## AVAILABLE DATA
....................
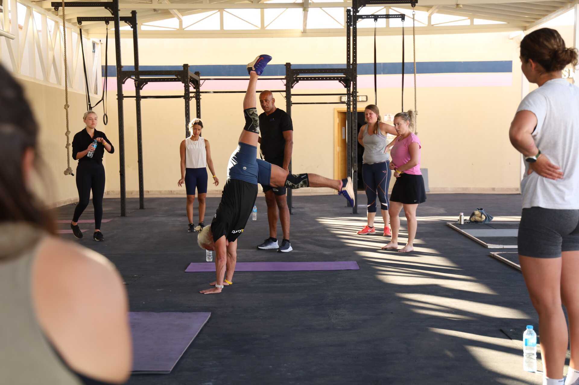 Gymnastics workshops: Käsilläseisonta/päälläseisonta -workshopit, voimisteluharjoituksia CrossFitiin, kuten käsilläseisontapunnerrukset, toes to bar, leuanvedot, pistoolikyykyt jne.
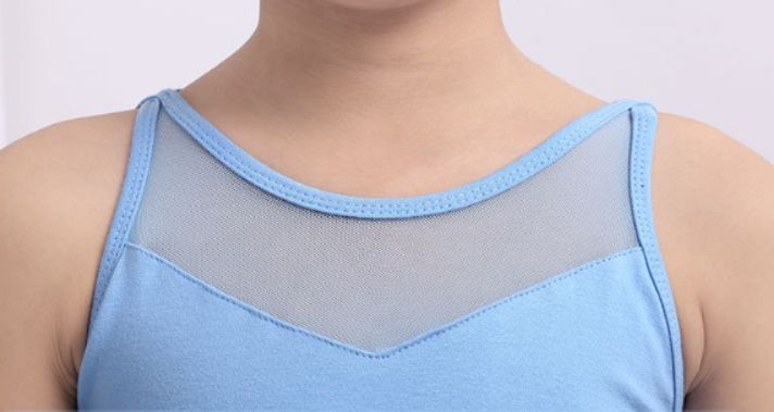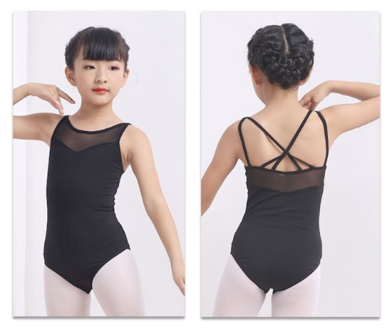 胸元の透け感のある素材が上品な印象を与えるバレエレオタードです。
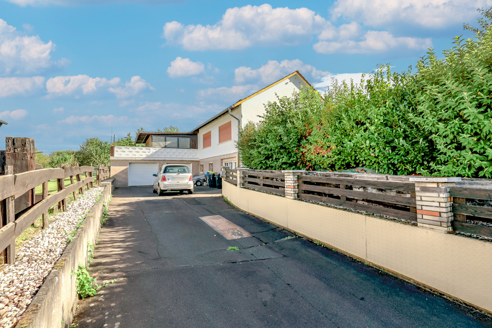 Das großzügige Grundstück bietet viel Platz und Privatsphäre. In der geräumigen Einfahrt können mehrere Fahrzeuge bequem abgestellt werden. Ergänzend dazu steht eine Doppelgarage mit ca. 37 m² Nutzfläche bereit – ideal für Auto- und Motorradliebhaber oder als zusätzlicher Stauraum. -
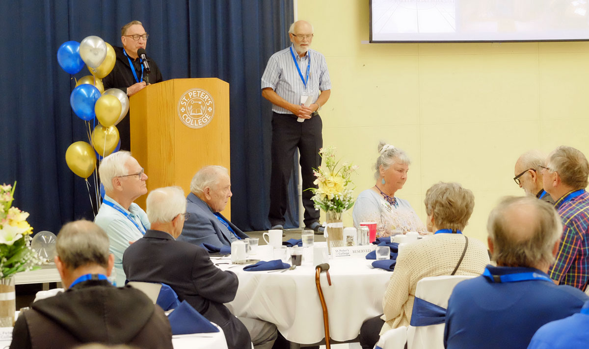 Tributes, toasts, and words of appreciation were part of the banquet program during the St. Peter’s College alumni reunion. (Photo by Kiply Lukan Yaworski, Catholic Saskatoon News)
....................
## YOUR INSTRUCTIONS
Your answer must contain the full data, repeated exactly, without pictures.

## RESPONSE BOX
 Gymnastics workshops: Käsilläseisonta/päälläseisonta -workshopit, voimisteluharjoituksia CrossFitiin, kuten käsilläseisontapunnerrukset, toes to bar, leuanvedot, pistoolikyykyt jne.
 胸元の透け感のある素材が上品な印象を与えるバレエレオタードです。
 Das großzügige Grundstück bietet viel Platz und Privatsphäre. In der geräumigen Einfahrt können mehrere Fahrzeuge bequem abgestellt werden. Ergänzend dazu steht eine Doppelgarage mit ca. 37 m² Nutzfläche bereit – ideal für Auto- und Motorradliebhaber oder als zusätzlicher Stauraum. -
 Tributes, toasts, and words of appreciation were part of the banquet program during the St. Peter’s College alumni reunion. (Photo by Kiply Lukan Yaworski, Catholic Saskatoon News)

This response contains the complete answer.